Below is a plot of the relative RMSE of the estimates from the Bayesian model. I’ve rescaled the y axis so that the black line (y=1) corresponds to the RMSE from the Frequentist estimates. As you can see, more informative priors do result in better RMSE – to a point. When the prior becomes too informative, then the RMSE increases. This is due to pooling all estimates to the grand mean. Conversely, when the prior on the variance is too large, no pooling happens and results are the same as Frequentist estimates (i.e. implausible if they are noisy a la Gelman).

So, let’s take stock. From this little simulation – which adheres the best I can to what I know about A/B testing, and is still imperfect – we have seen:

It is true that uninformative priors will give you equivalent estimates to Frequentist approaches (at least in terms of RMSE).

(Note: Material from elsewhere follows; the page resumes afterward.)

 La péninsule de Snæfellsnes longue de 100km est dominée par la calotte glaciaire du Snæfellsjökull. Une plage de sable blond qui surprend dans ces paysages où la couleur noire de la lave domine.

You probably don’t want to be similar to Frequentist results if you can help it, because you can do better (again in terms of RMSE) by applying a little prior information.
You don’t even need to be that accurate with your priors. Any reduction in RMSE is good, you don’t need to find the optimal prior to reduce the RMSE. In this case, anywhere between \(\beta = 0.05\) and \(\beta = 3\) is probably sufficient to reduce RMSE.

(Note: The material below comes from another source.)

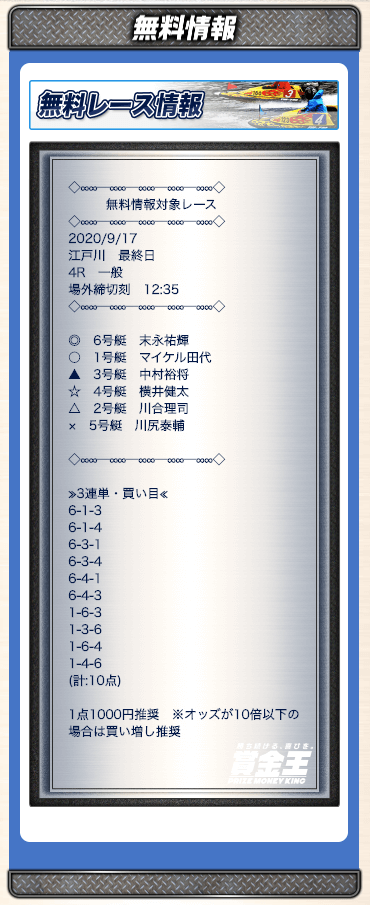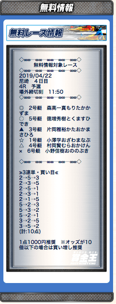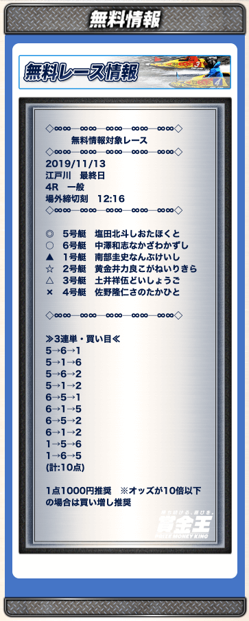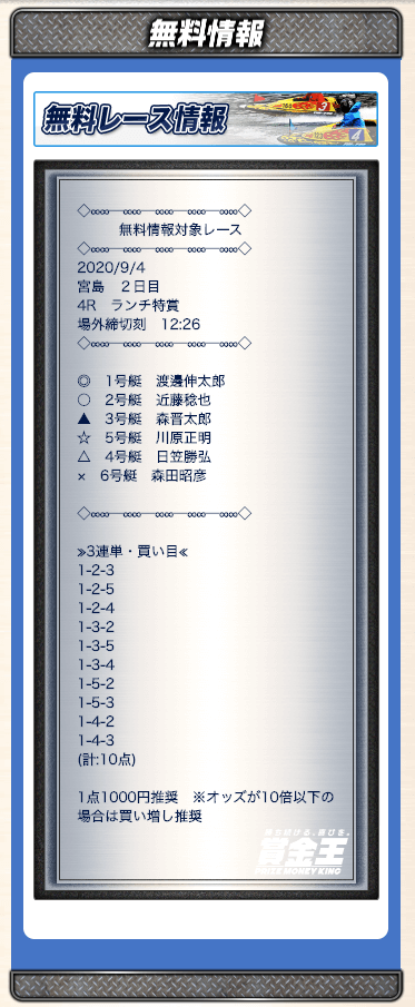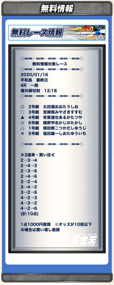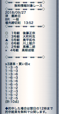 登録は無料ですし無料情報の配信回数も高いので、競艇で勝負するのであれば、みなさまもチェックしておくことをオススメします。

Setting a good prior (in this case) isn’t even that hard. Think about how variable individual experiments vary in results. You aren’t likely to see many experiments 1 lift unit away from the mean. You know, intuitively, that lift estimates are probably somewhere between -10% and 10% on a good day. Even if you were REALLY uncertain and said -50% to 50% for any given experiment, that is still a standard deviation of ~25% and hence well within the range of reducing RMSE (again, in this example. I can’t say if this applies generally).

Listen, Bayesian or Frequentist, I don’t care. However, it is absolutely clear that, when you pay careful attention to the nuance, the difference between Bayes and Frequentism is a big deal despite what some will say.